I found myself with a lot of trepidation in writing about Federico Fellini’s “La Dolce Vita.” It’s one of my favorite movies ever, now re-released in a new Blu-ray edition from the Criterion Collection. But what could I possibly add to the mountain of great film writing already accumulated around one of the greatest films ever made, perhaps the greatest Italian film?
And how could I even begin to encapsulate all that’s there in the nearly three-hour film, stuffed with allegory and politics, poetry and satire, romance and disillusionment? Could a food critic review an entire buffet?
I’ll take my whack at it, anyway. “La Dolce Vita” spends a week following Marcello (Marcello Mastroianni), a celebrity-journalist journalist-celebrity wooing and stalking Rome’s rich and famous. The film’s iconic opening shot puts Marcello perfectly in his place — a helicopter carries a statue of Jesus, who flies over Rome, looking down on all Romans, schoolboys and construction workers, prostitutes and landed gentry alike. Marcello? He’s in the other helicopter, the one filming the spectacle.

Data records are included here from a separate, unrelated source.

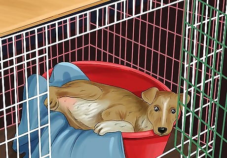 Keep the dog in a secure place. If you can’t or don’t want to take the animal to a shelter, and it is legal to do so in your state/country, then make sure you have a safe place for the animal to stay. Don’t just bring the animal home and lock them away in a room alone. They will probably be very frightened, so if they are not aggressive, do your best to make them feel that they are safe. You should still contact all the shelters in the area to provide a description of the pet in case the owner calls. Swing by a veterinarian’s office on the way home and ask them to check for a microchip. If the animal is microchipped, then you can return them to the owner right away. You can make them feel a little less frightened by talking in a soothing voice and petting them gently. Offer the animal water and a bit of food, preferably pet food. If you have one, you can keep the animal secured in a crate. If it is a large dog, and you have a secure yard, this may be a good place to keep them. However, don’t expect to leave them in a crate or in the backyard alone for days. This is not fair to the animal. If you have other pets, it’s best to keep your pets and the stray separated. You can do this by keeping them in separate rooms or crates. This is because you don’t know how the stray might behave around other animals, and you also don’t know their medical history. Some diseases are very contagious among animals and you don’t want to spread anything around. If you have found an animal with lots of fleas and/or ticks, it is best to take the animal to the vet or the shelter for treatment, especially if you don’t have experience with bathing animals.
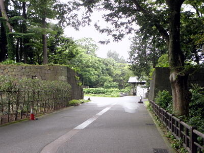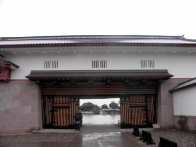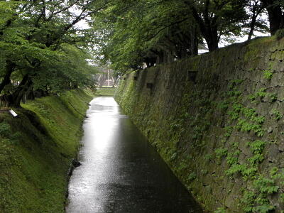 5年ぶりの金沢城。天気は雨。今回は黒門口から。黒門横の大手堀。
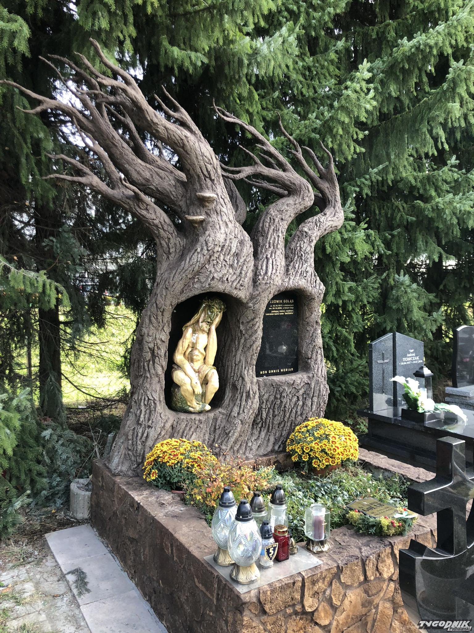 Na nowotarskim cmentarzu stanął nietypowy pomnik. To grób Ludwika Gołąba, zmarłego 17 lat temu artysty. Autorem oryginalnego postumentu jest Gabriel Szyrszeń.
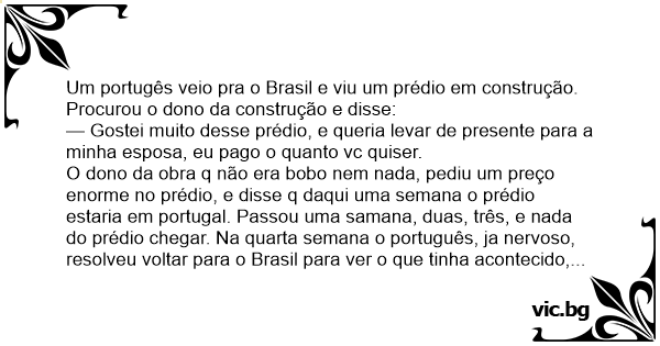 O dono da obra q não era bobo nem nada, pediu um preço enorme no prédio, e disse q daqui uma semana o prédio estaria em portugal. Passou uma samana, duas, três, e nada do prédio chegar. Na quarta semana o português, ja nervoso, resolveu voltar para o Brasil para ver o que tinha acontecido, chegando aqui, ele viu q o prédio estava cercado por uma rede, e pensou:
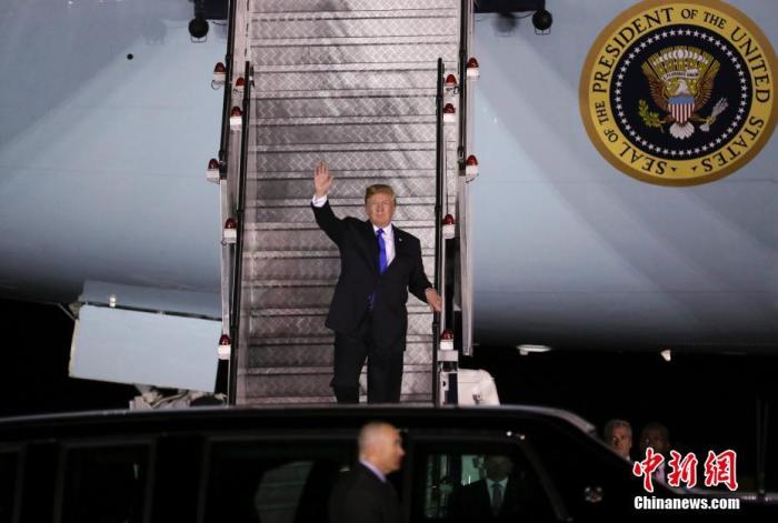 资料图:美国总统特朗普乘坐“空军一号”。 中新社记者 刘震 摄
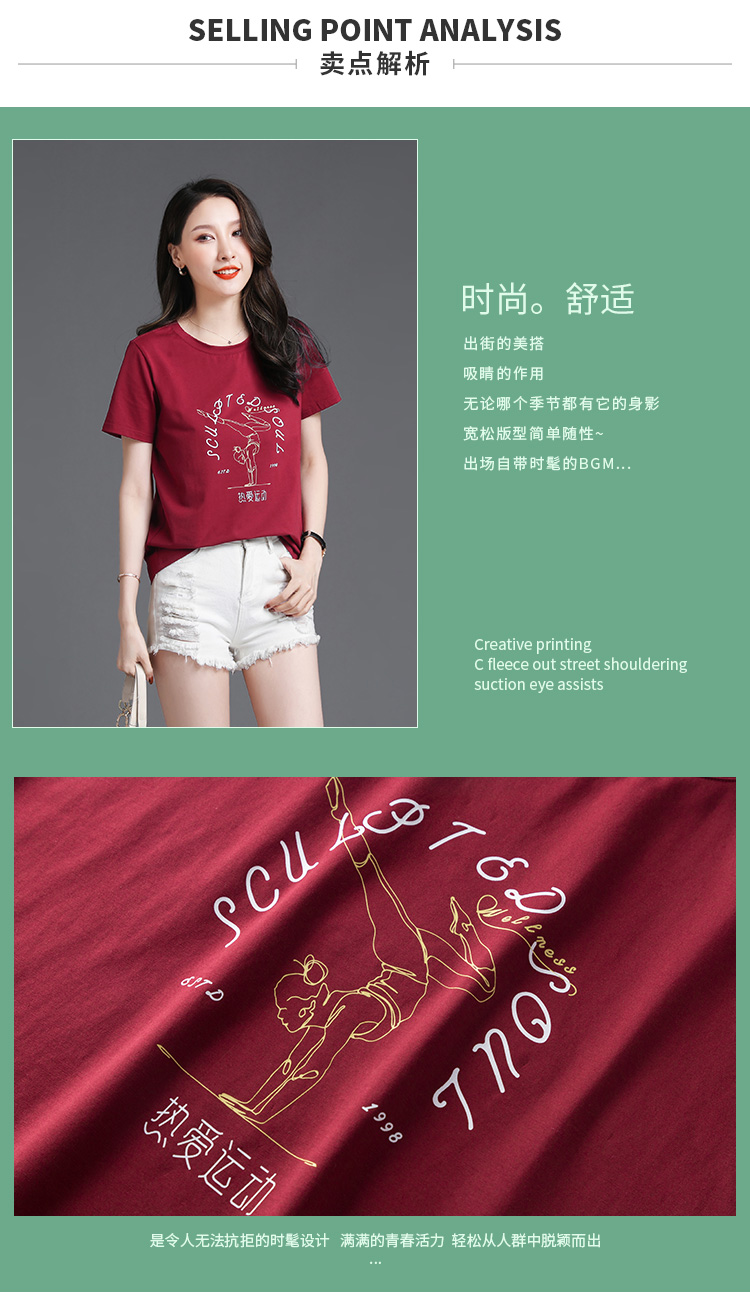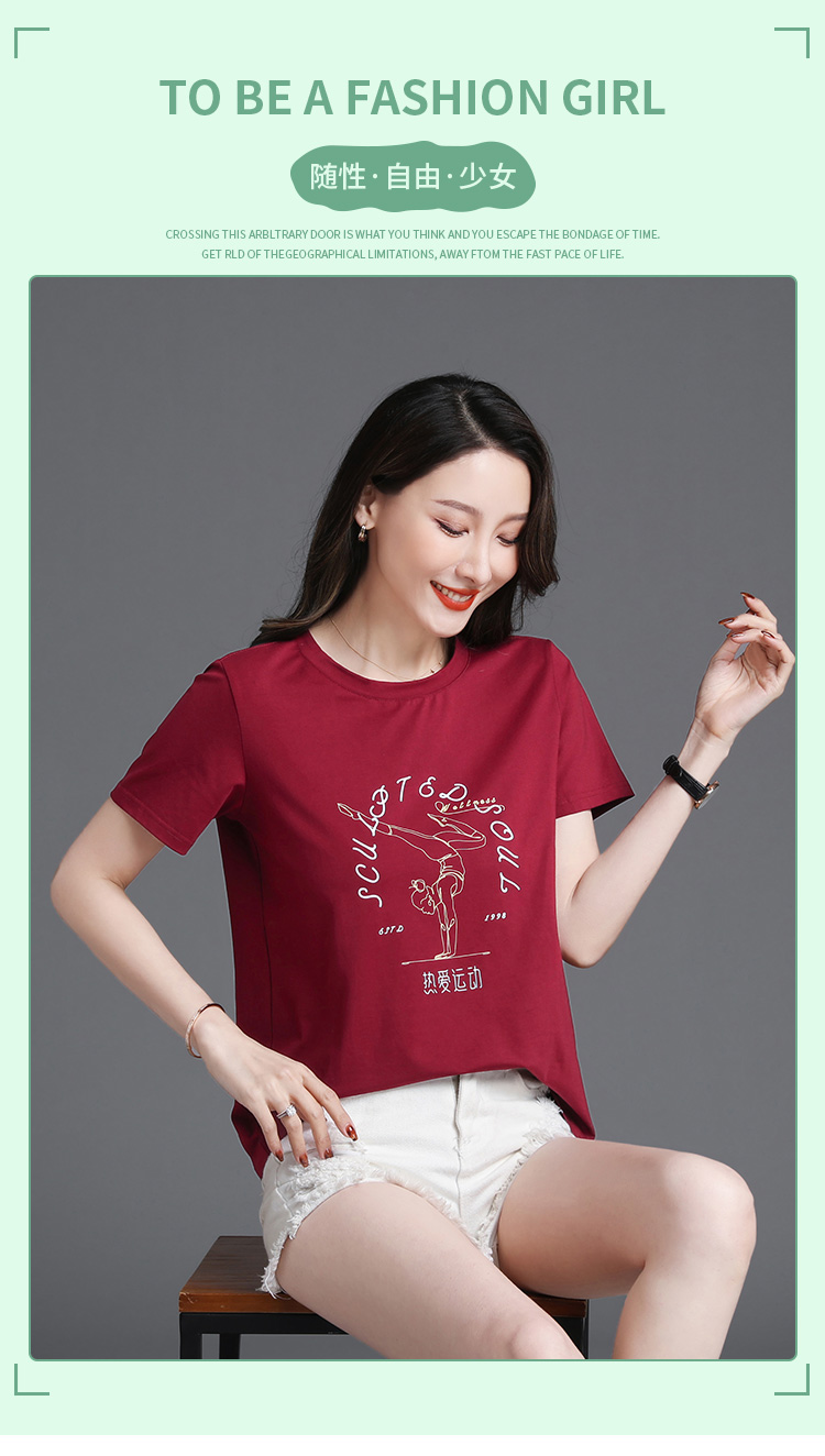 常规短袖 实拍2021夏新款印花字母人物时尚休闲t恤100%棉宽松女装

That shot is unforgettable, but on rewatching the film another early one jumped out at me — Marcello in a nightclub at the table of some German nobleman. The royal is cruelly dismissive of Marcello, who crouches down next to his table, like a boy who has wandered away from the kids’ table. Marcello doesn’t belong at the big table, but he’s above the paparazzo and other gadflies stalking the celebs from afar. He has just enough notoriety to realize how far away from greatness he is, he’ll ever be.
Marcello’s misadventures take him from party to party, mistress to mistress. He famously romances a Swedish actress (Anita Ekberg, forever remembering for splashing in the Trevi Fountain), chases word of a miracle in the countryside that becomes a media frenzy, takes his father out on the town, tries and fails to work on his novel, and collapses in self-loathing at a party of grotesques. Each day has enough richness for its own movie, and taken together the experience of watching “La Dolce Vita” is exhausting but exhilarating.
With his life so full, how can Marcello’s life be so empty? A few characters recognize this, perhaps most tellingly the young waitress at the seaside restaurant who distracts Marcello from his writing. She turns up again in the film’s famous ending, as the grotesque partygoers stagger on the beach at dawn like scuttling crabs. The waitress spies Marcello among them and tries to get his attention, to ask how the novel is going. But he can’t hear her over the rush of the surf. That part of his life, the part to aspire to be more than he is, has slipped away. It’s a devastating ending.
The new Criterion Blu-ray edition has a wonderful 4K transfer that makes the lustrous black-and-white photography pop on screen. The extras are a mix of archival interviews of Fellini and Mastroianni that were available on the original DVD release and some new features. The interview with scholar David Forgacs opened up a whole new dimension of appreciation for me in explaining the political and social changes that Italy was going through at the time “La Dolce Vita” was made, as the old Italy was giving way to a new, richer, gaudier one.
Also unmissable is a video essay by the artist known as “:: kogonada,” who looks at the film’s final shot, in which the waitress’ gaze shifts from Marcello into the camera just as the image fades to black. Yes, “La Dolce Vita” is a film whose final image can inspire a video essay all its own. The terrain is that rich.